Provided data:
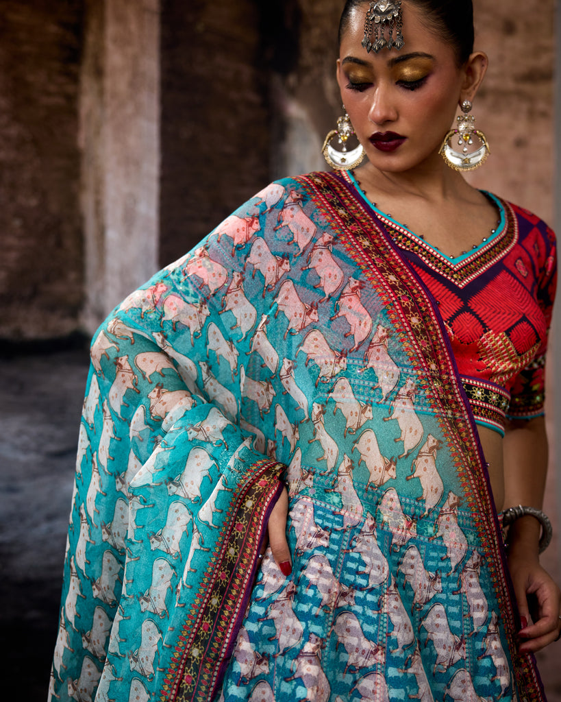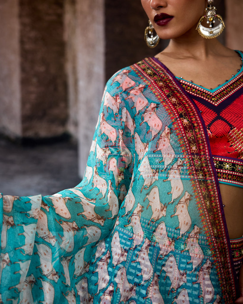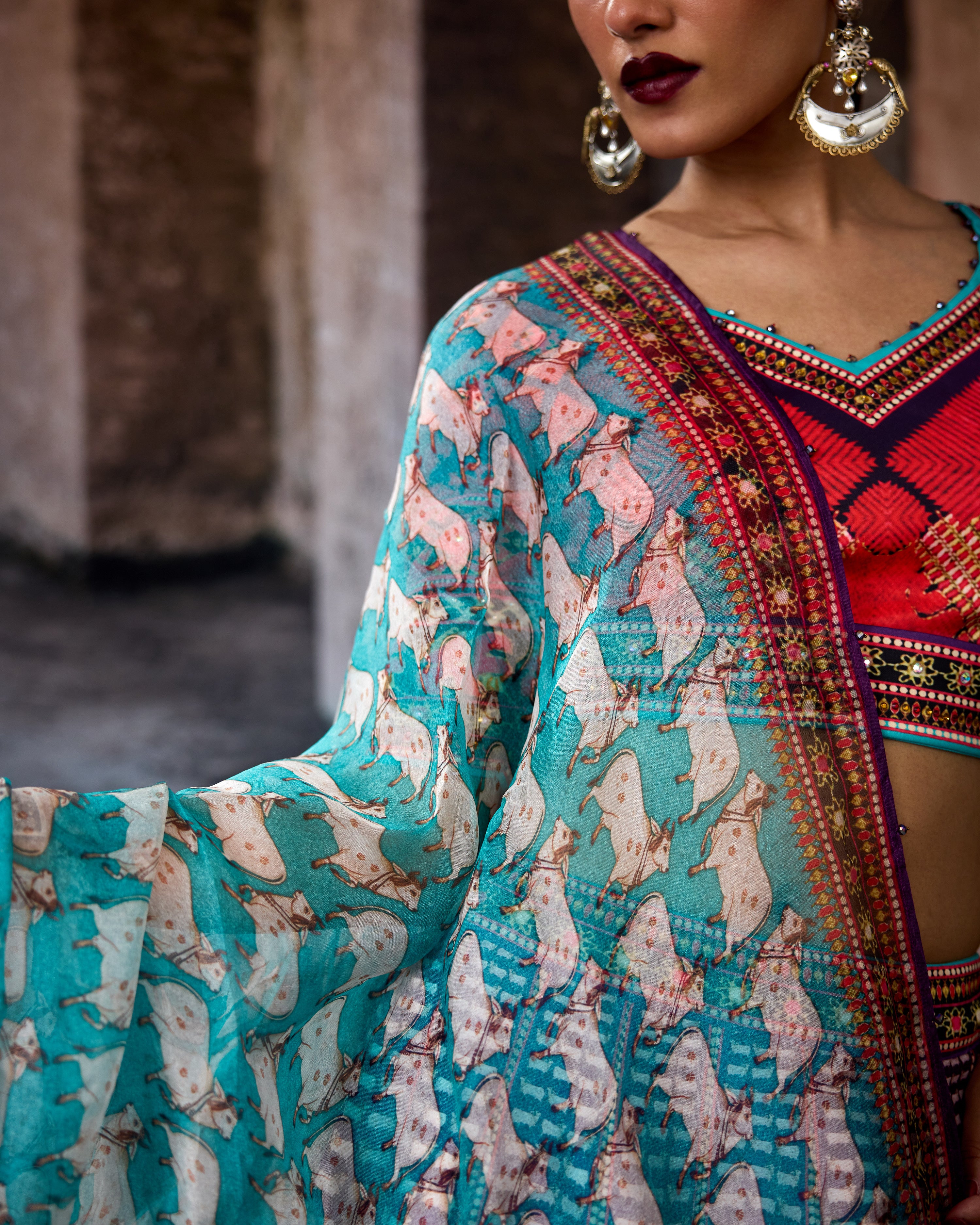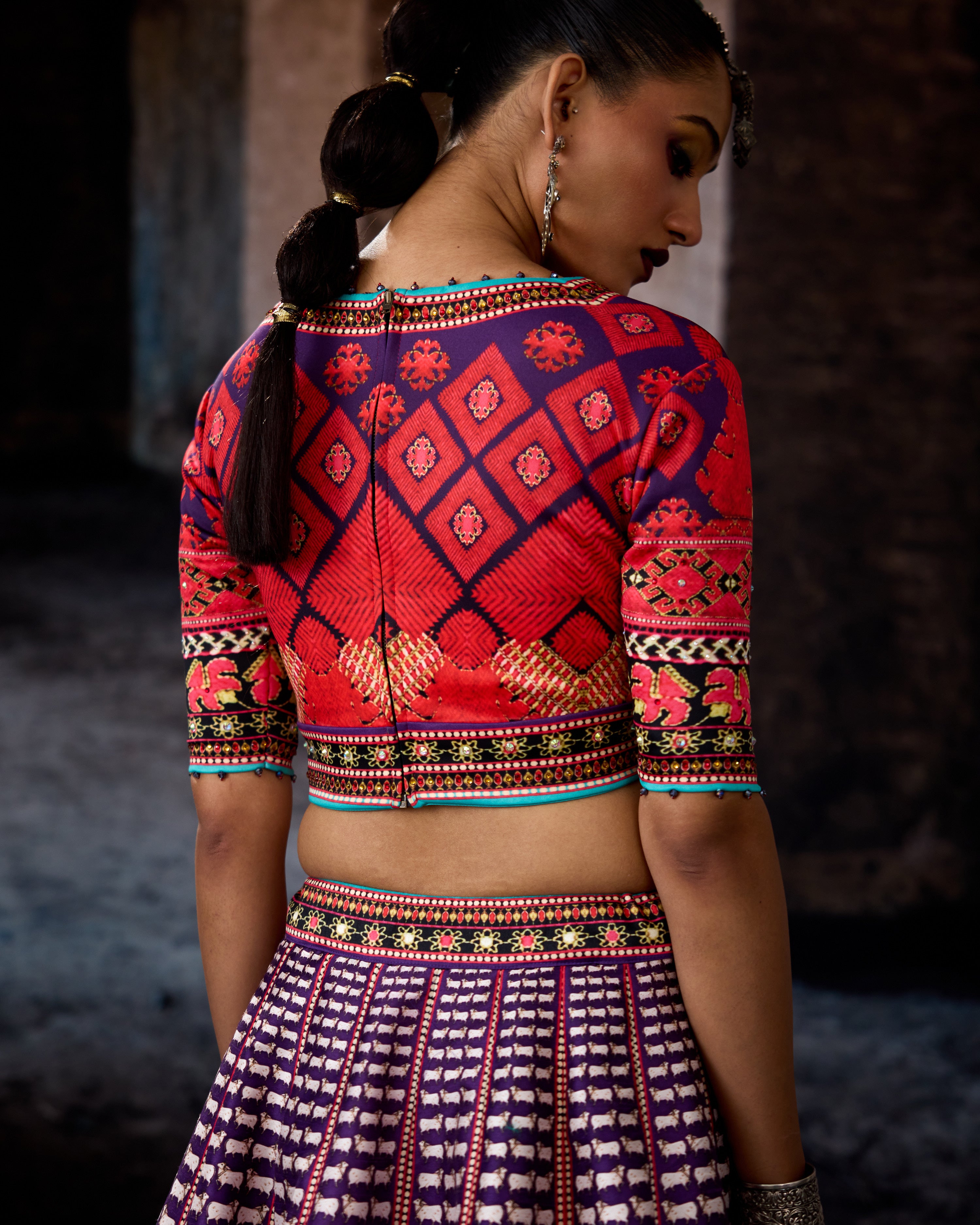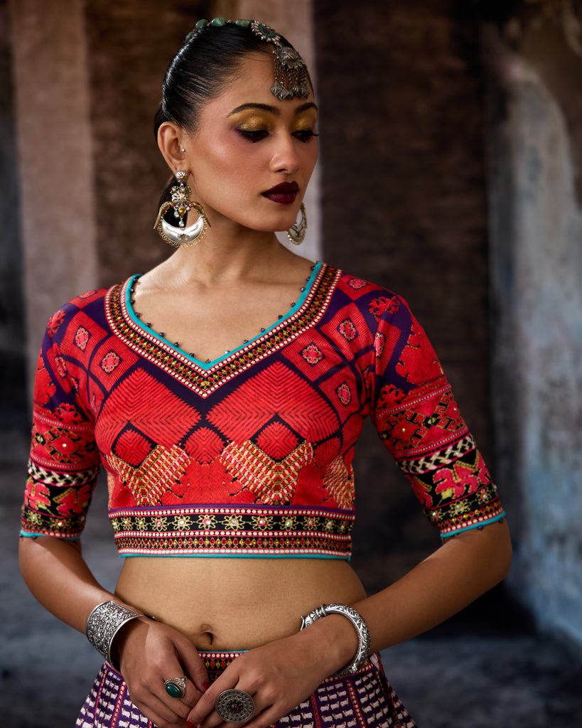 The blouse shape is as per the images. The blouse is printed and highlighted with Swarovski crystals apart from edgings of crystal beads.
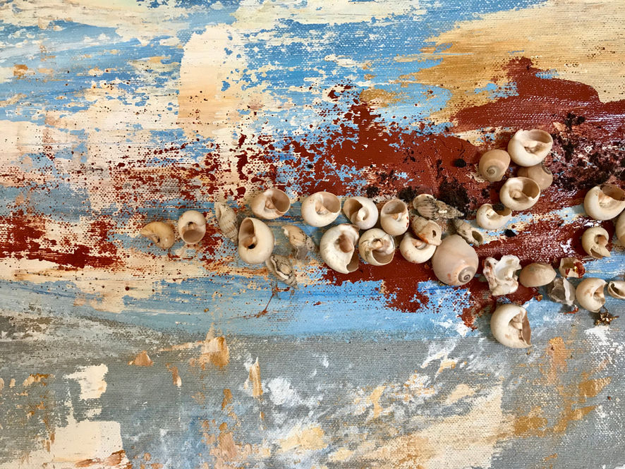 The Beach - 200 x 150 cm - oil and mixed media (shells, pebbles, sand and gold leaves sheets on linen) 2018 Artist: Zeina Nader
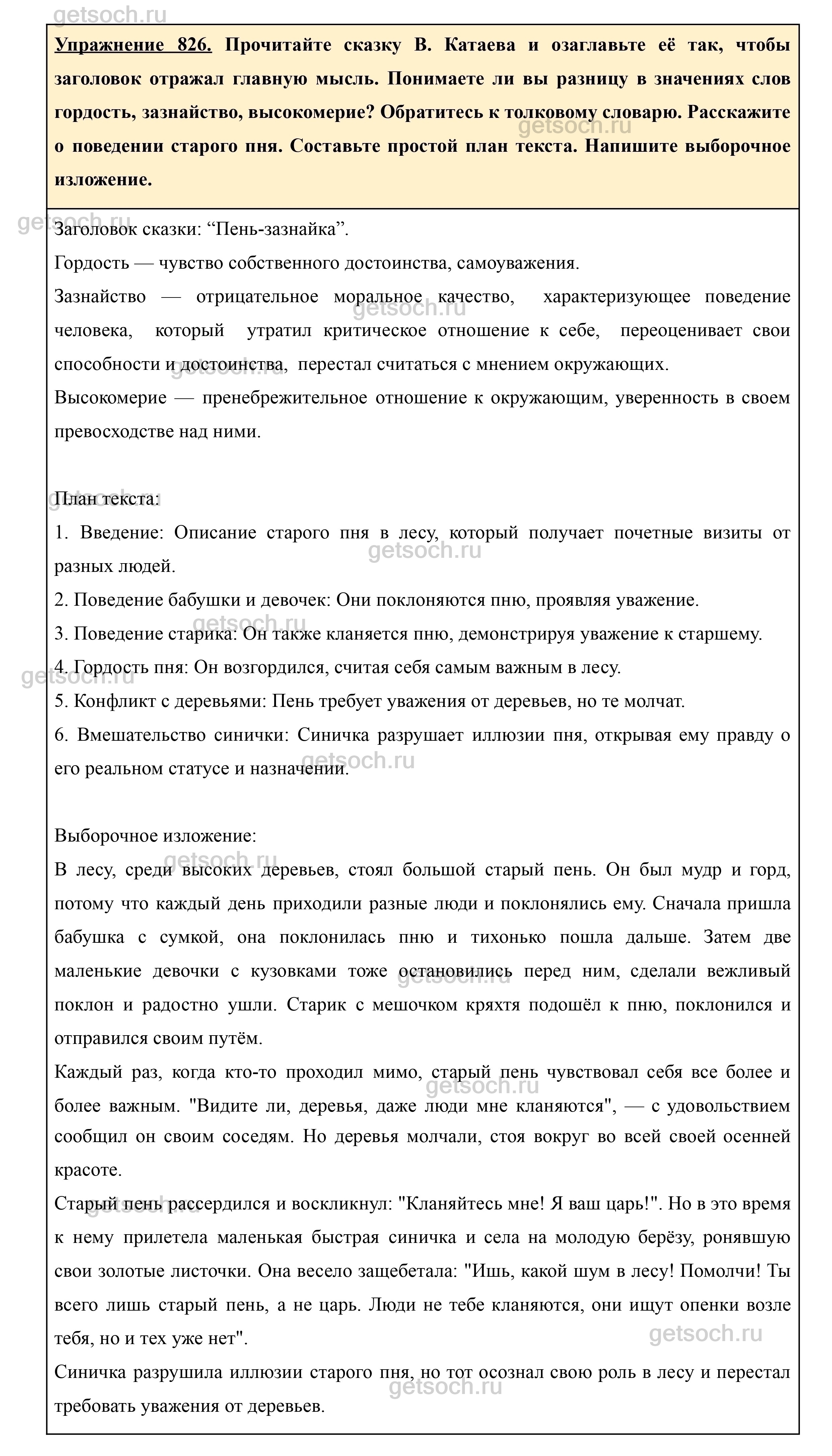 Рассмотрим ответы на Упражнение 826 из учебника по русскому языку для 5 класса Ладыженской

The problem:
With images omitted, retype the data word for word.

Reply:
 The blouse shape is as per the images. The blouse is printed and highlighted with Swarovski crystals apart from edgings of crystal beads.
 The Beach - 200 x 150 cm - oil and mixed media (shells, pebbles, sand and gold leaves sheets on linen) 2018 Artist: Zeina Nader
 Рассмотрим ответы на Упражнение 826 из учебника по русскому языку для 5 класса Ладыженской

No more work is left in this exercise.